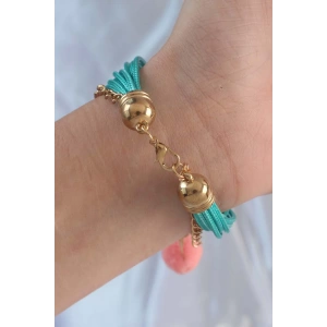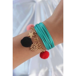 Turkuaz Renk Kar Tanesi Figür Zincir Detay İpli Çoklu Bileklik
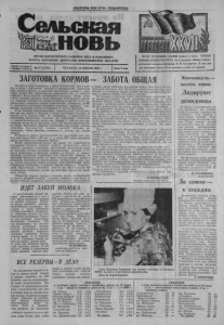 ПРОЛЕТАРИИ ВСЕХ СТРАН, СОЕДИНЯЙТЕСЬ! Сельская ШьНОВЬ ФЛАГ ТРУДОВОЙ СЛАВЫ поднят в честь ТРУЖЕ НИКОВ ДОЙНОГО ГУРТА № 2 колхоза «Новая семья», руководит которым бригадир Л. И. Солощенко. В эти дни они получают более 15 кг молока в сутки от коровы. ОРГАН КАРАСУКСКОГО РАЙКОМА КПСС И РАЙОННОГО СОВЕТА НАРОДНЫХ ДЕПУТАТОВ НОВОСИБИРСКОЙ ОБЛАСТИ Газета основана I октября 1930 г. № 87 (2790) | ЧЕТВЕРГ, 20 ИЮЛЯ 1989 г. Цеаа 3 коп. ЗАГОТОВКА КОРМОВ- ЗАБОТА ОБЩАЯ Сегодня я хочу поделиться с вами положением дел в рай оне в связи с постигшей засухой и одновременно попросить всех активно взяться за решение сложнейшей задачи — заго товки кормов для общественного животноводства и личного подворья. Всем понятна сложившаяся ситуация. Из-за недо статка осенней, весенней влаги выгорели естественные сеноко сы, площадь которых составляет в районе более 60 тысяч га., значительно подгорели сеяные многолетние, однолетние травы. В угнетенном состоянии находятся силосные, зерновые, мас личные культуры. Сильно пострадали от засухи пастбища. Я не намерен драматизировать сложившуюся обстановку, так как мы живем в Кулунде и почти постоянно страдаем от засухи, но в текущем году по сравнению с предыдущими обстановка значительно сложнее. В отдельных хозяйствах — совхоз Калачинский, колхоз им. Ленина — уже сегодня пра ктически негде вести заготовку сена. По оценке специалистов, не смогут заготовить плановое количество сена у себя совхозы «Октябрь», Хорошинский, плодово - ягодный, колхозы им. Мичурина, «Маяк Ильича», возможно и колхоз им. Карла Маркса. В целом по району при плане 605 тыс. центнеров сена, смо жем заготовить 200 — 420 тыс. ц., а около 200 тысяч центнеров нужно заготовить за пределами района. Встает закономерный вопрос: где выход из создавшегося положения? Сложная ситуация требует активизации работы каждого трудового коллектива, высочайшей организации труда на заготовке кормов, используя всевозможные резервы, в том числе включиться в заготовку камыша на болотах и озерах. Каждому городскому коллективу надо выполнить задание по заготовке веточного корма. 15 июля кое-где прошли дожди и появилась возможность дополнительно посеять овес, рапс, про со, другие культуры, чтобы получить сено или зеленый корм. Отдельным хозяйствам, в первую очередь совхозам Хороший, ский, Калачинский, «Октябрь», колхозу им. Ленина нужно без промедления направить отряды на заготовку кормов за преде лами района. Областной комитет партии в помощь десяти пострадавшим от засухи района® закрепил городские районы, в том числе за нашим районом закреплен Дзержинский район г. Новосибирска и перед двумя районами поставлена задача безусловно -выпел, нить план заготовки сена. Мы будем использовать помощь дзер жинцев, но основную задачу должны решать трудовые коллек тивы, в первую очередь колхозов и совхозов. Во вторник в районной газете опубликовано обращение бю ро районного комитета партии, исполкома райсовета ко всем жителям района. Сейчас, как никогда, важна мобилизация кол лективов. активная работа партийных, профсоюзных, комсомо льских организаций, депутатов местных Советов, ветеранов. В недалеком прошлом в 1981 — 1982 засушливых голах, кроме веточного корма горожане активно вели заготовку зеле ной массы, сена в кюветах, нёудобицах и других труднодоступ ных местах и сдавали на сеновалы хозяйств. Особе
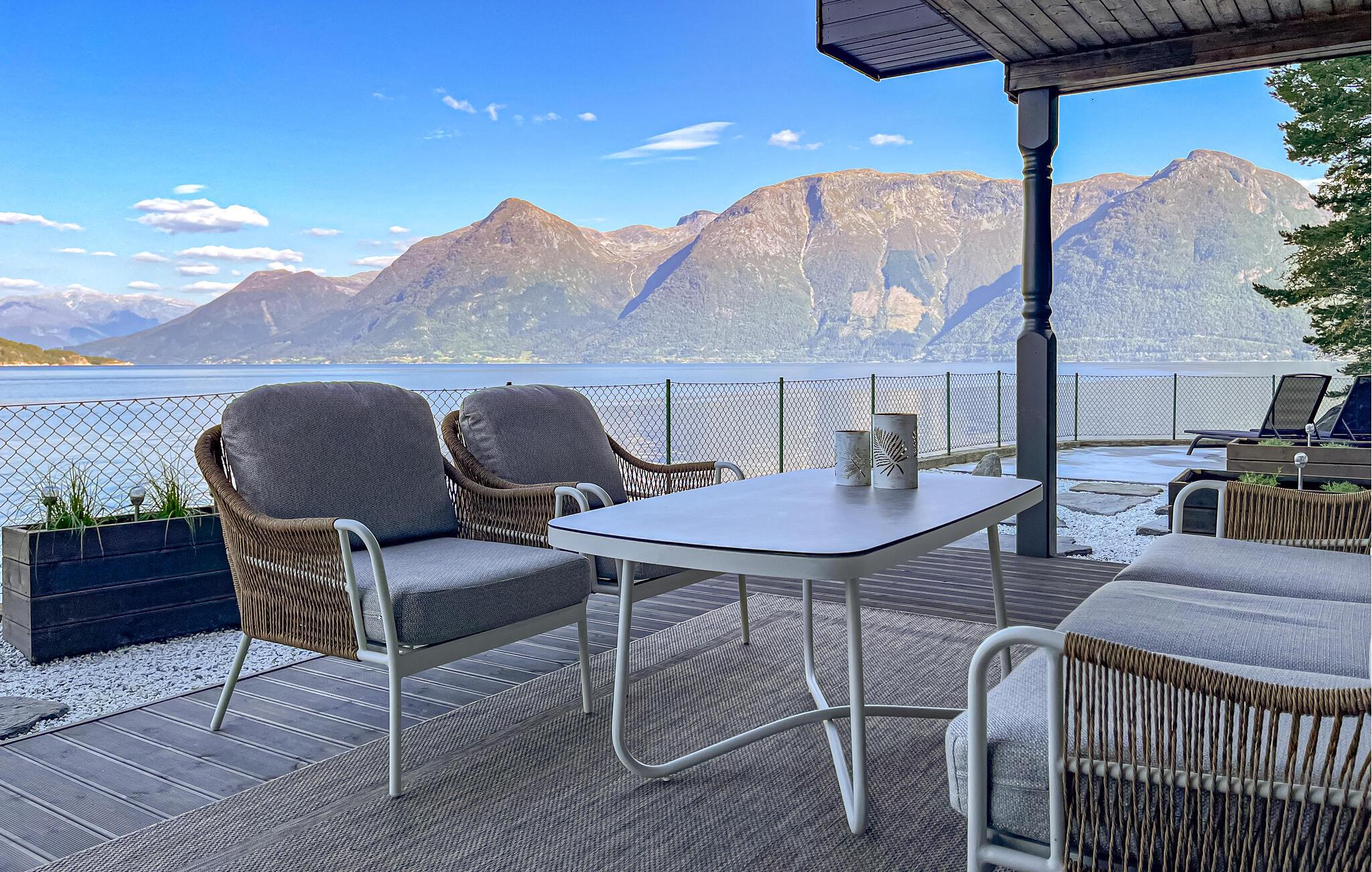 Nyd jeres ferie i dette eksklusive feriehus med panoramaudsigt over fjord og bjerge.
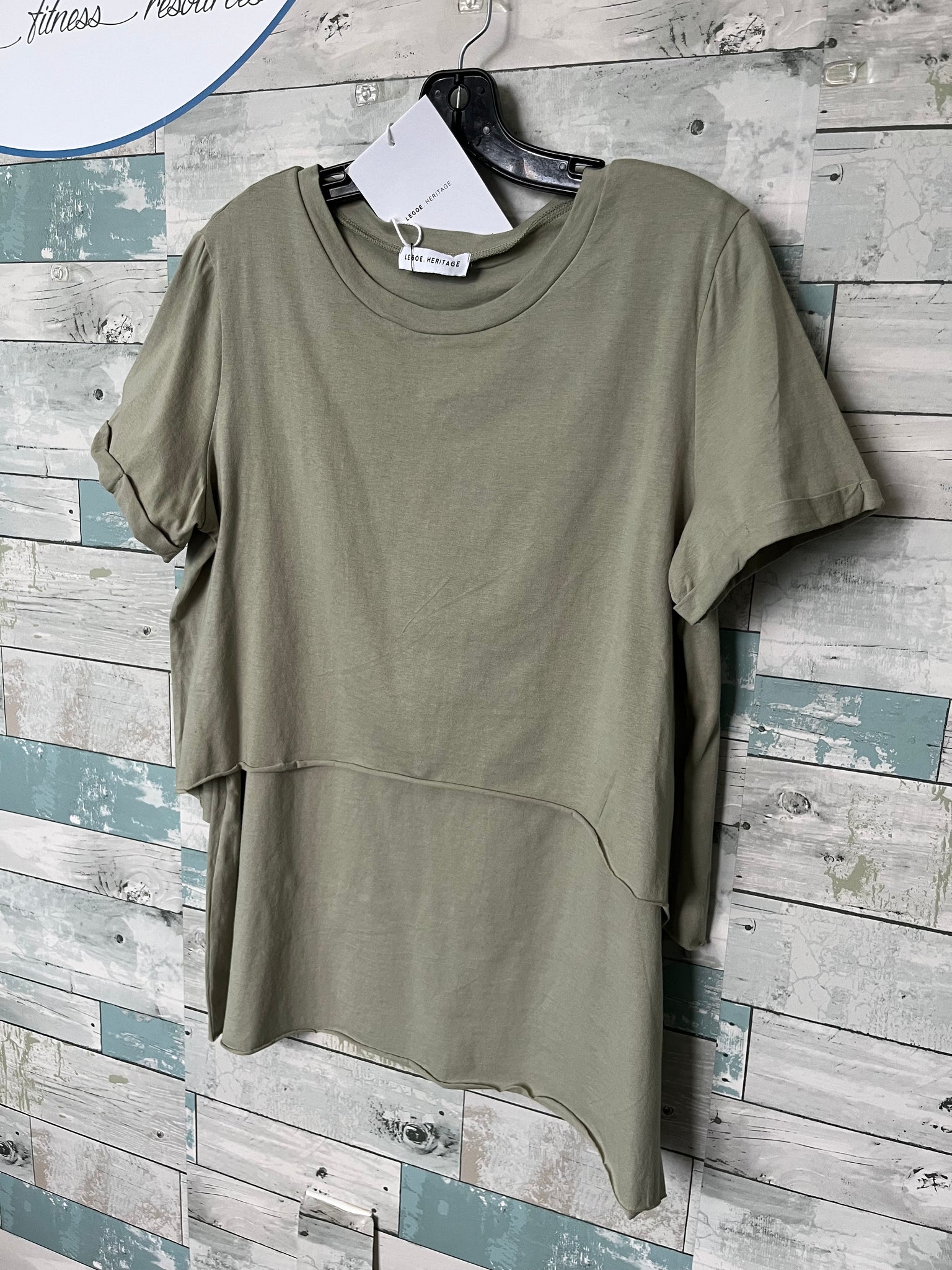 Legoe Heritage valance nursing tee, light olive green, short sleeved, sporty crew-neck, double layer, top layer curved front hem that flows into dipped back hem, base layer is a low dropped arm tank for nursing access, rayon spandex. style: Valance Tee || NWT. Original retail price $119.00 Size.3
....
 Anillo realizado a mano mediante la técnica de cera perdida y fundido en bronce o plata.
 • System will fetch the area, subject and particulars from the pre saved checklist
....
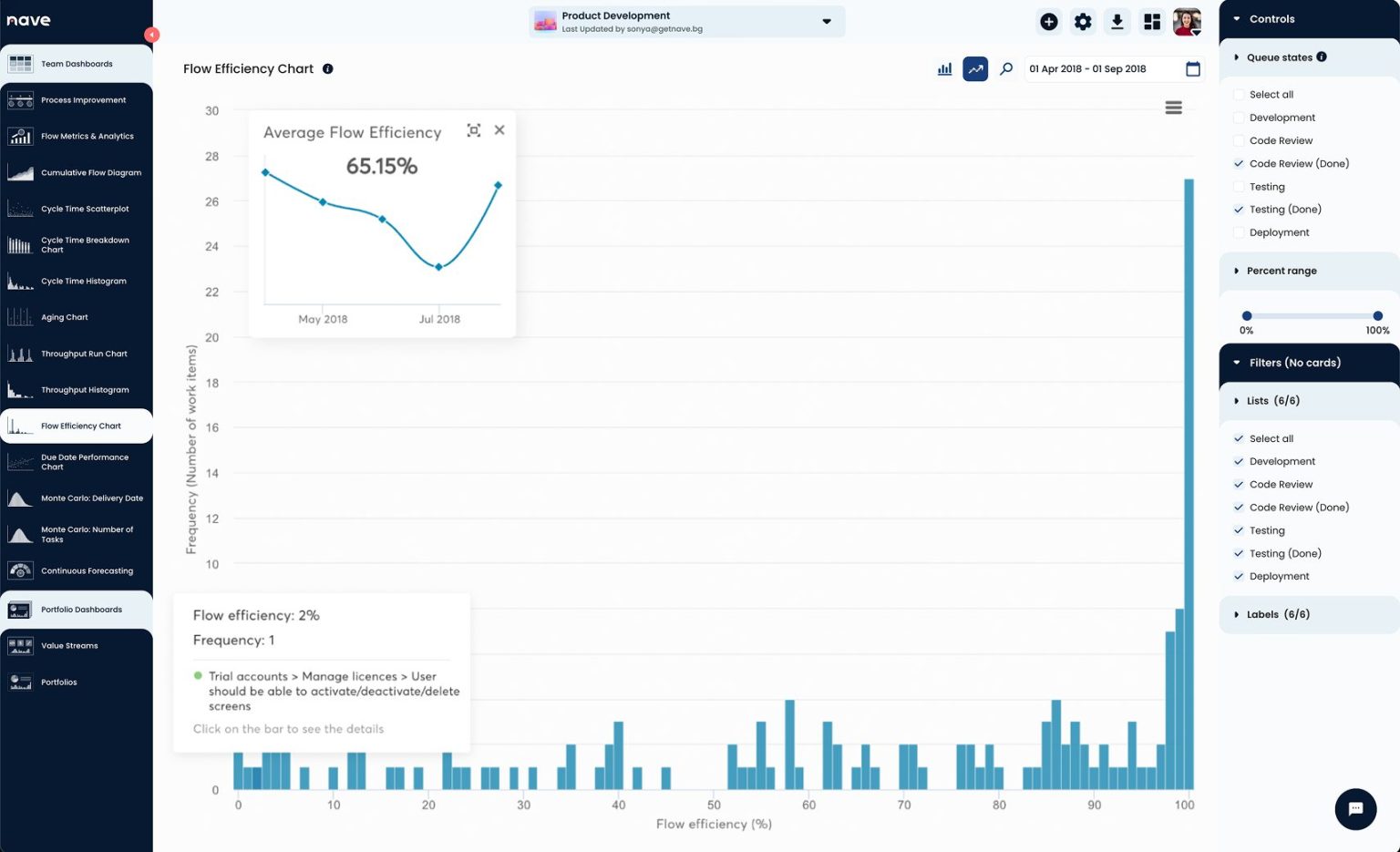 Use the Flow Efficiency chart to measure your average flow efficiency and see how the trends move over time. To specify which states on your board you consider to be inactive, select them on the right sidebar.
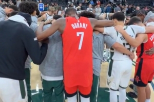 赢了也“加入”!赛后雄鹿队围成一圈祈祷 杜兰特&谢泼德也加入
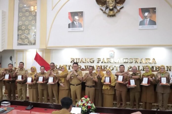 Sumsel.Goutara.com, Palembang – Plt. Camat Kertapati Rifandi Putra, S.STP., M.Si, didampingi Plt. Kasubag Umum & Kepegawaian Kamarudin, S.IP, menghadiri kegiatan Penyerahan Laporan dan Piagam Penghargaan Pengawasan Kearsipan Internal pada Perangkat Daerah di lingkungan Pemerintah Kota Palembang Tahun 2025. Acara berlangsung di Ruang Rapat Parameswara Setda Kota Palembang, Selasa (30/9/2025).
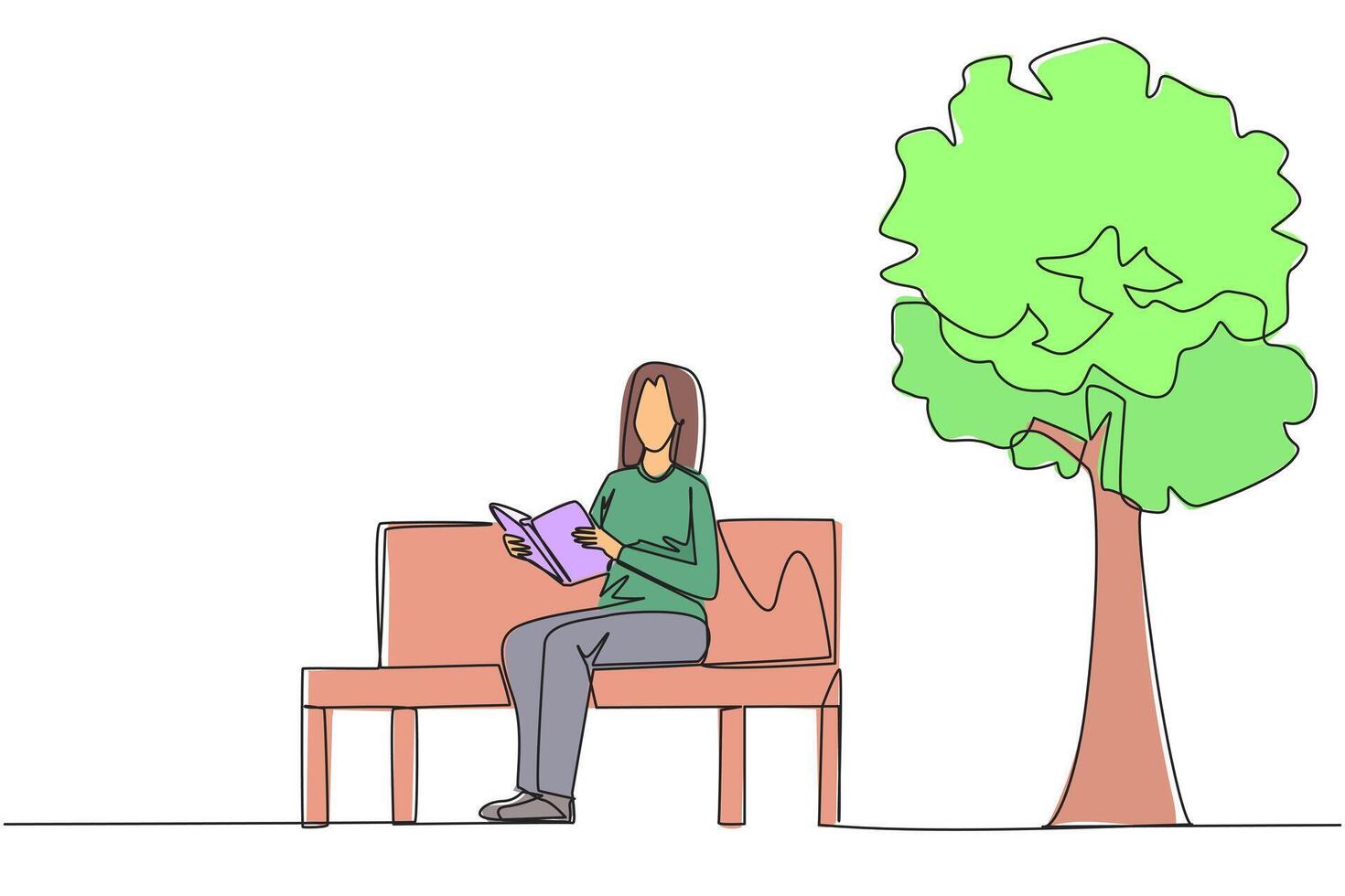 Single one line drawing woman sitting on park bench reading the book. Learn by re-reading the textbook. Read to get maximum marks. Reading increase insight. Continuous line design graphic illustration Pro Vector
....
With the line that has "Anillo realizado a" as the first and the line that has "pre saved checklist" as the last, repeat exactly that run of lines above and no more.

 Anillo realizado a mano mediante la técnica de cera perdida y fundido en bronce o plata.
 • System will fetch the area, subject and particulars from the pre saved checklist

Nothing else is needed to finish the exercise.